The act performed by the appellant in the morning in question, by going into the thicket,
according to her, to respond to call of nature, notwithstanding the fact that she had fever for a
long time, was perfectly lawful. If by doing so she caused a wrong as that of giving birth to her
child in that same place and later abandoning it, not because of imprudence or any other reason
than that she was overcome by strong dizziness and extreme debility, she should not be blamed
therefor because it all happened by mere accident, from liability any person who so acts and
behaves under such circumstances (art. 12, subsection 4, Revised Penal Code).
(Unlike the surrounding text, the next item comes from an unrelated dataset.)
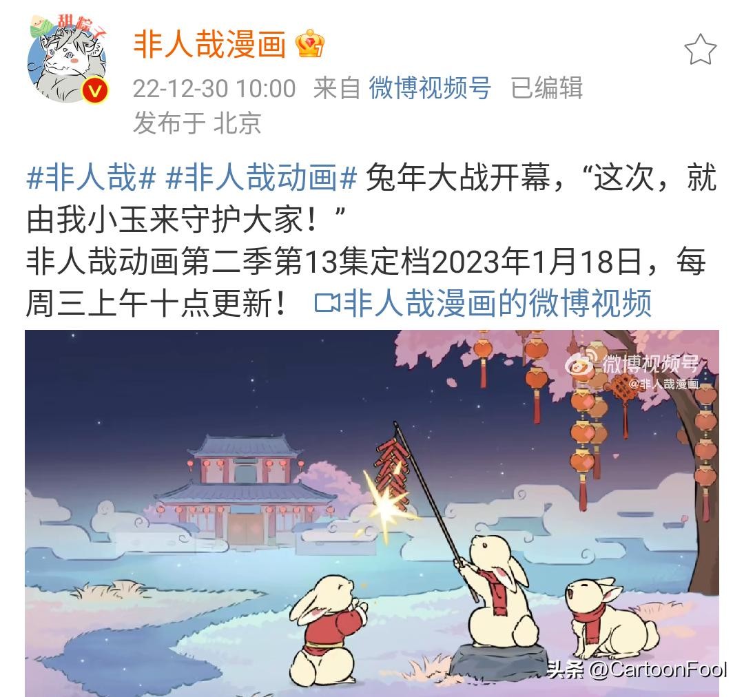 “兔年大战开幕,‘这次,就由我小玉来守护大家!’非人哉动画第二季第13集定档2023年1月18日,每周三上午十点更新!”

In conclusion, taking into account the foregoing facts and considerations, and granting that the
appellant was aware of her involuntary childbirth in the thicket and that she later failed to take
her child therefrom, having been so prevented by reason of causes entirely independent of her
will, it should be held that the alleged errors attributed to the lower court by the appellant are
true; and it appearing that under such circumstances said appellant has the fourth and seventh
exempting circumstances in her favor, is hereby acquitted of the crime of which she had bee
accused and convicted, with costs de oficio, and she is actually confined in jail in connection with
this case, it is ordered that she be released immediately. So ordered.